A baby’s brain is going to take some time to make this connection, so it is okay that you continue to tickle, but your baby will get there soon enough, just be a little patient. Your baby is taking in a lot of information at once, so it is going to take a moment for your child to catch up.

It is important that you remember that part of what you are trying to achieve with tickling is helping your baby learn about his or her visual external space as it relates to the body. This means you should do your best to tickle your baby in different places all the time, not just your baby’s toes.

As crazy as this might sound, babies do get ticklish, and they do it with your help, even if they are unable to understand for some time.

Tickle Forethought

Now, you know that babies get ticklish at a certain point of their lives, and you are going to love those giggles when they come. You know that helping babies experience tickling is good for their development; it is also important to mention when tickling is not okay.

Babies get ticklish naturally when they are infants because it helps them understand how their bodies interact with the world, but this lesson will need to be reevaluated as time moves on. Once your baby learns how to speak and learns his or her body, then it is time to empower your child.

It may sound a little silly, but unwanted tickling is not cool, and it actually teaches your child that the invasion of personal space may be acceptable. This may be confusing, especially because tickling seems to be a fun experience because everyone is laughing, but that is not the case.

Do babies like being tickled?

Even though babies get ticklish at some point, some kids hate the experience and would rather not participate in it. What you want to do as a parent is allow your child to give you permission to be that tickle monster you want to be. This is a powerful lesson of consent that should help your baby be a better human being.

Teaching your child that consent is important in your home should help him or her apply this lesson later on. Your child should be able to stand up for him or herself better simply because you encouraged the value of his or her voice.

Conclusion

Do not fret because you are going to have a long time before you have to worry about this lesson, but there will come a time when this act is going to have to be redefined.

As strange as it may seem, tickling has been used as a form of torture in the past.

Some people hate this act so much that they may actually feel traumatized by it.
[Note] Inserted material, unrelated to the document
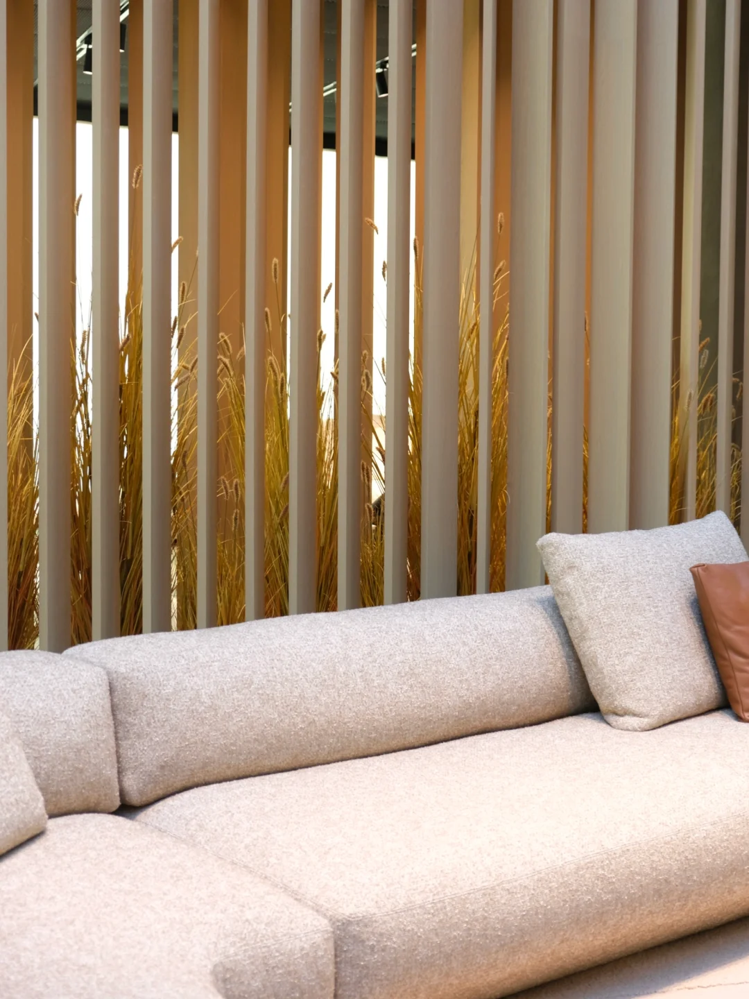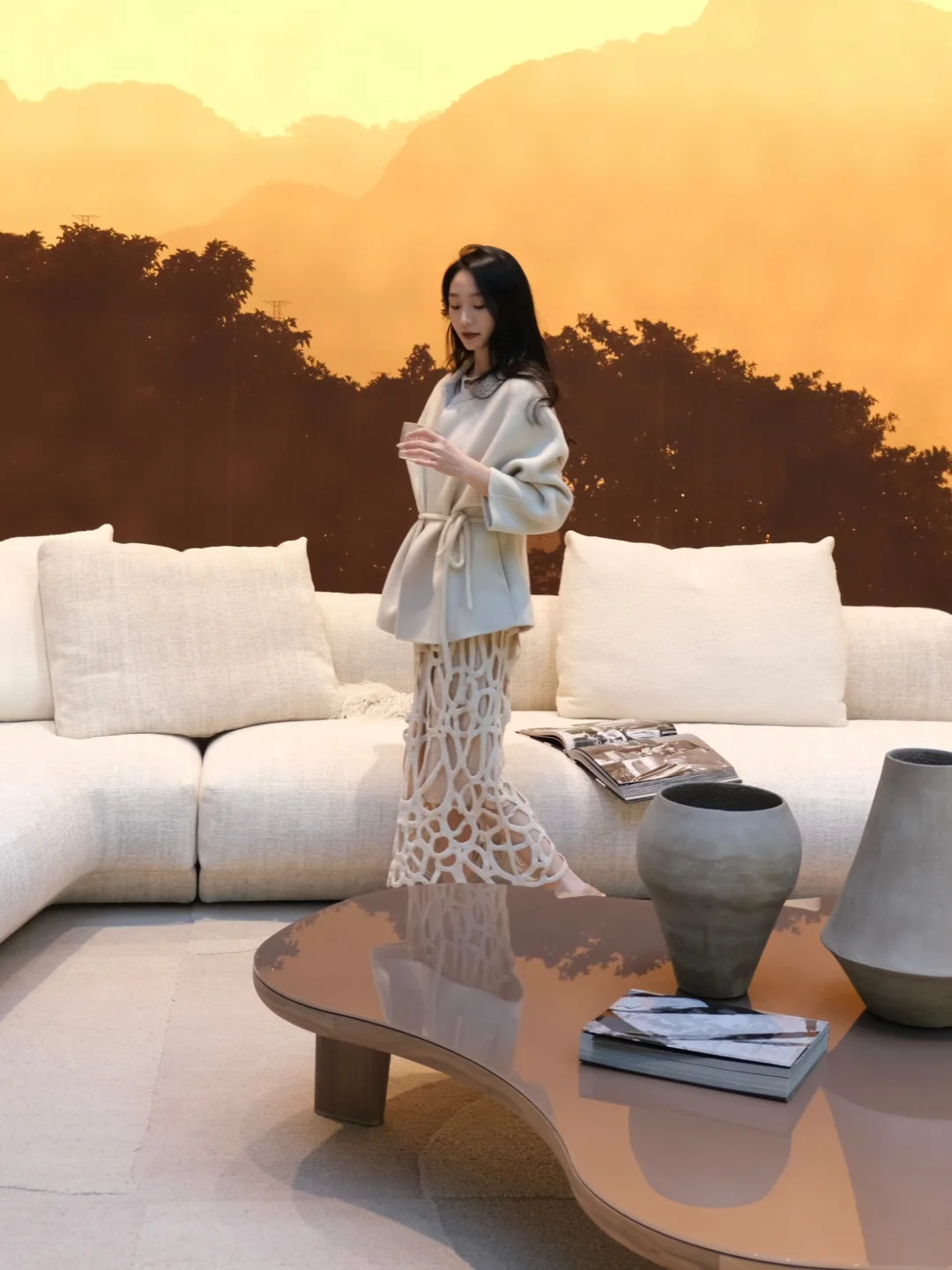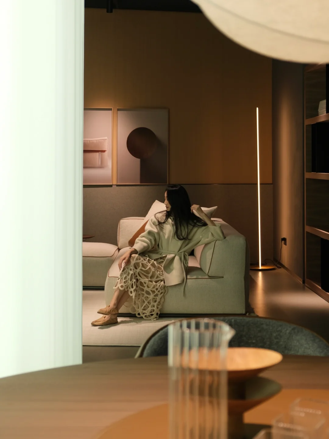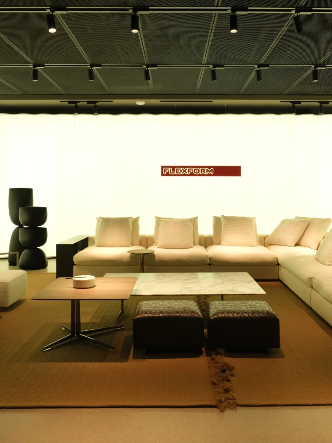 什么样的家可以用Flexform 诠释 在我的想象里 应该是大隐于市 被植物包围的静谧大宅 客厅里坐落的沙发 由柔软又考究的织物面料包裹 线条流畅 低调优雅 餐区要搭配温润的木质圆桌 各种家具材质之间的搭配错落有致 是那种“old money”刻在骨子里的高级优雅

You do not want to be the parent who tortures a child, especially if your little boy or girl is telling you he or she does not want to be tickled.

Conclusion

Some children love to be tickled, so you can definitely keep doing it as long as you practice responsible tickling.

As you can see, babies will understand your tickling at some point, which is a good sign of child development, but there will come a time when this act will evolve.

You can talk to your pediatrician a little more about when babies get ticklish because this is obviously a bigger subject that some of people might have imagined, but hopefully some of these points have cleared things up for you.

Now, you can tell other parents why babies get ticklish a little later in life and all the neat lessons you can pass on to your infant with tickling.